### The task:
Since pictures are not part of the copy, please output only the lines from the one with "dark green leaves" through the end of the data below, exactly as written.

### Information shown:
********************
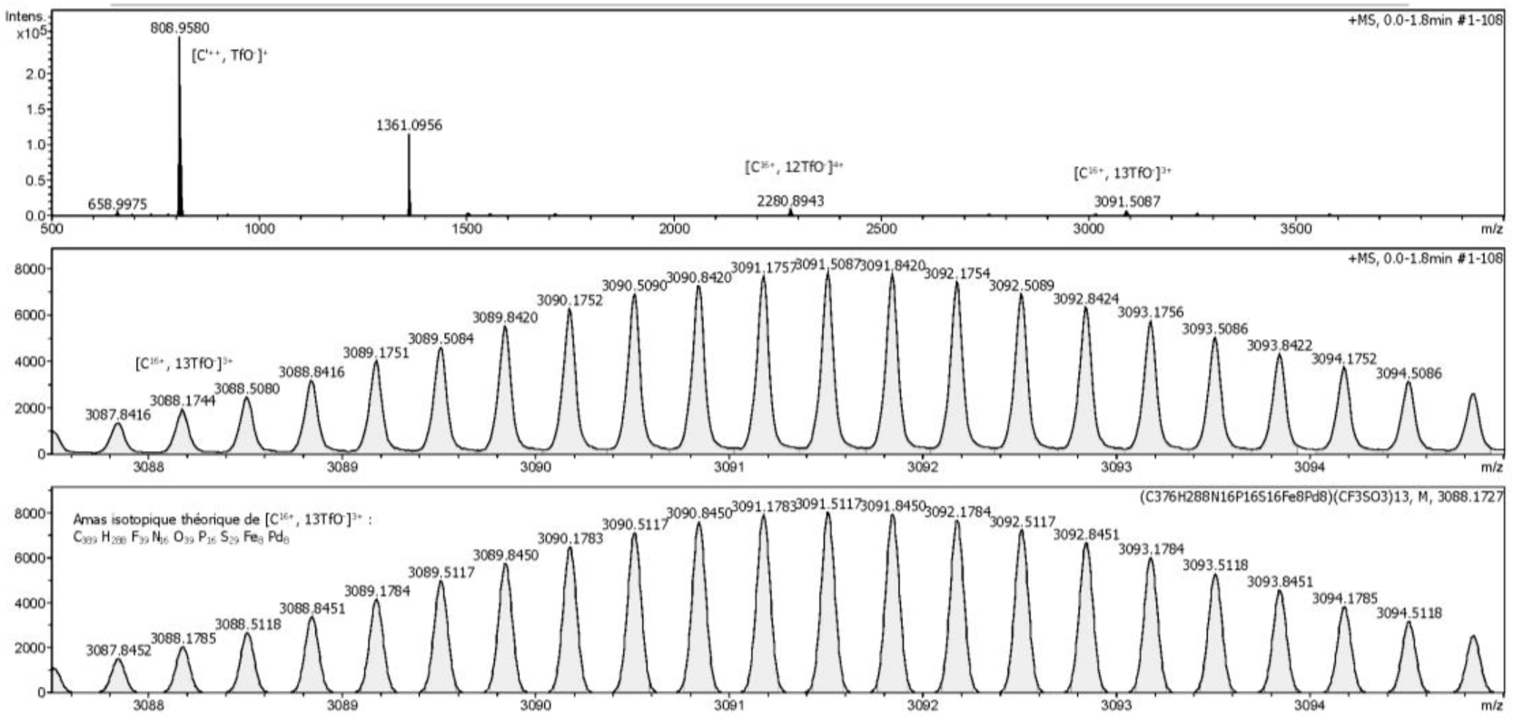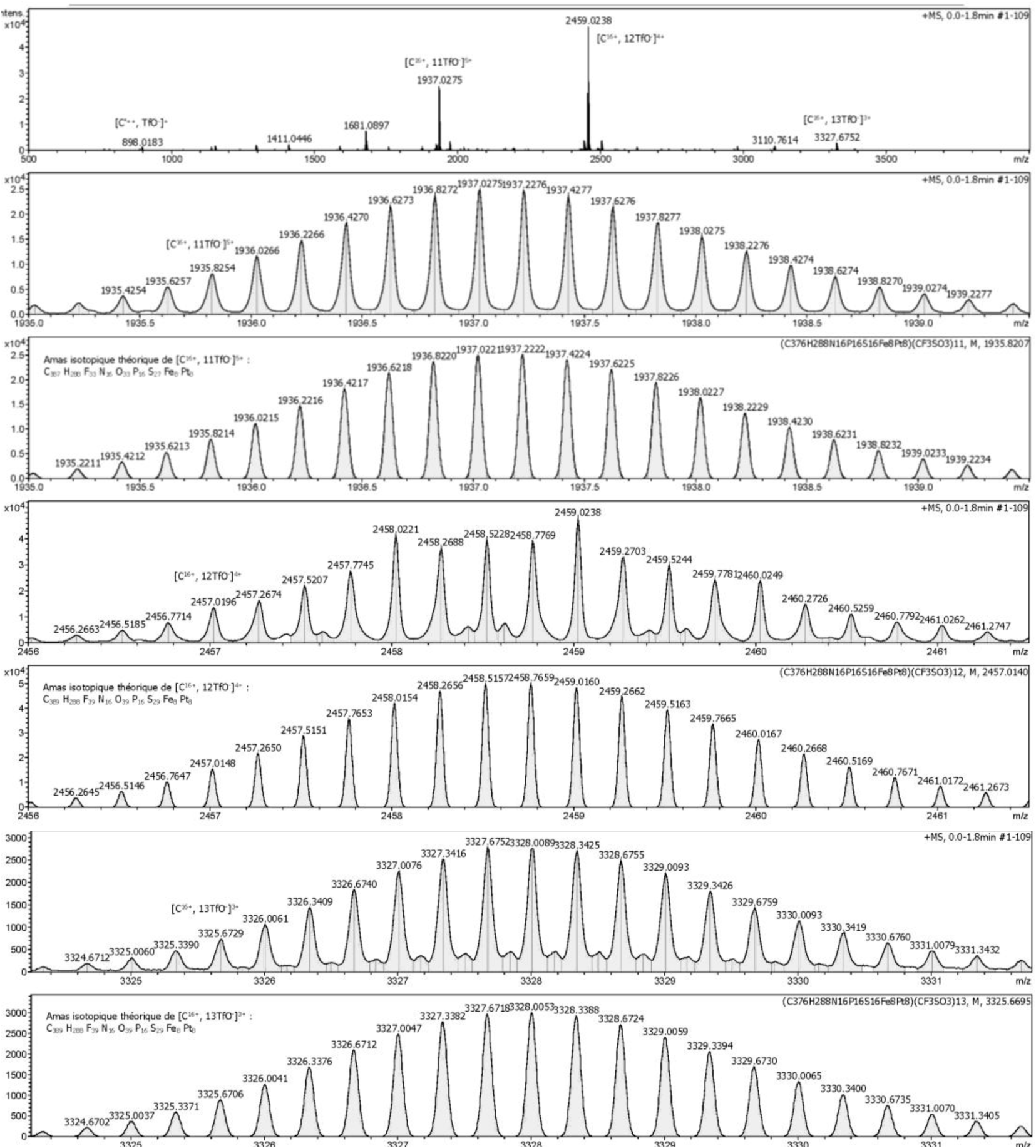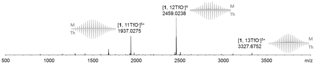 High resolution ESI mass spectrometry experiments were carried out from dichloromethane solutions of 1 (Figure 3 and Figure S13) and 2 (Figure S14) and confirm the formation of M8L4 architectures with peaks corresponding to multi-charged species [M-3TfO−]3+ (m/z = 3327.6752 (1) and 3091.5087 (2)), [M-4TfO−]4+ (m/z = 2459.0238 (1) and 2280.8943 (2)) and [M-5TfO−]5+ (m/z = 1937.0275 (1)), as well as a good matching between the experimental and theoretical isotopic patterns.
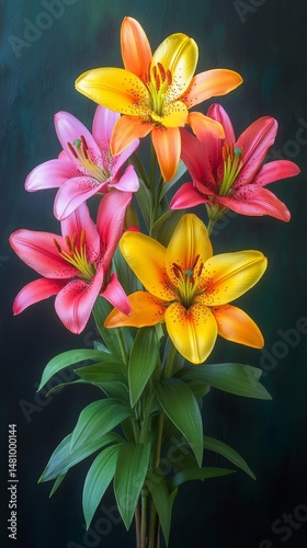 © Julia, Fototapeta premium Vibrant colors including yellow, orange, and red are displayed by lily blossoms, which are set amongst dark green leaves
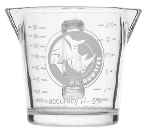 This Rhino Coffee Gear graduated glass is made to measure up your single or double espresso (10 ml to 70 ml). Doses written in ounces and milliliters. With 2 pouring spouts and handle. Made of strong glass.
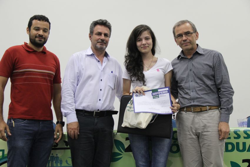 A coordenadora do Programa Bic Júnior na UFLA, professora Débora Cristina de Carvalho, estava presente para homenagear o trabalho que se destacou entre aqueles apresentados por membros do BIC Júnior. Intitulado “Caracterização anatômica de fibras do pseudocaule da musa sp”, o trabalho tem como autores Williano Rezende do Carmo Souza, Bárbara Maria Ribeiro Guimarães, Ellison Rosário de Oliveira, Mário Vanoli Scatolino e Gustavo Henrique Denzin Tonoli.
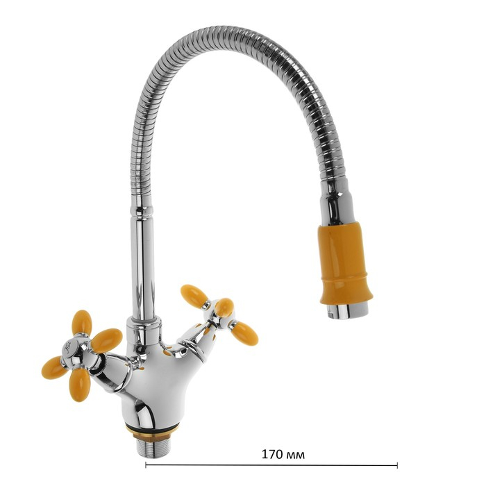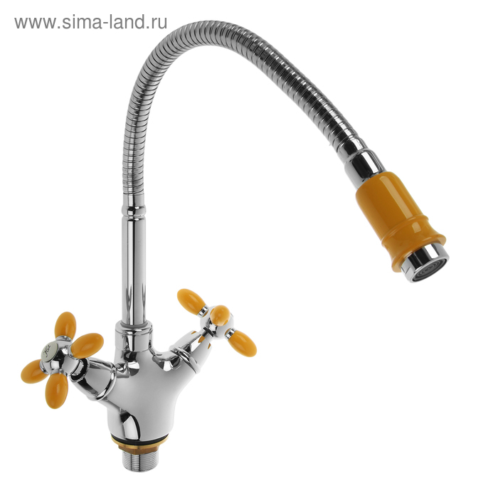 Смеситель для кухни Accoona A4882H, двухвентильный, с гибким изливом, силумин, желтый/хром
********************
### Exercise response:
 © Julia, Fototapeta premium Vibrant colors including yellow, orange, and red are displayed by lily blossoms, which are set amongst dark green leaves
 This Rhino Coffee Gear graduated glass is made to measure up your single or double espresso (10 ml to 70 ml). Doses written in ounces and milliliters. With 2 pouring spouts and handle. Made of strong glass.
 A coordenadora do Programa Bic Júnior na UFLA, professora Débora Cristina de Carvalho, estava presente para homenagear o trabalho que se destacou entre aqueles apresentados por membros do BIC Júnior. Intitulado “Caracterização anatômica de fibras do pseudocaule da musa sp”, o trabalho tem como autores Williano Rezende do Carmo Souza, Bárbara Maria Ribeiro Guimarães, Ellison Rosário de Oliveira, Mário Vanoli Scatolino e Gustavo Henrique Denzin Tonoli.
 Смеситель для кухни Accoona A4882H, двухвентильный, с гибким изливом, силумин, желтый/хром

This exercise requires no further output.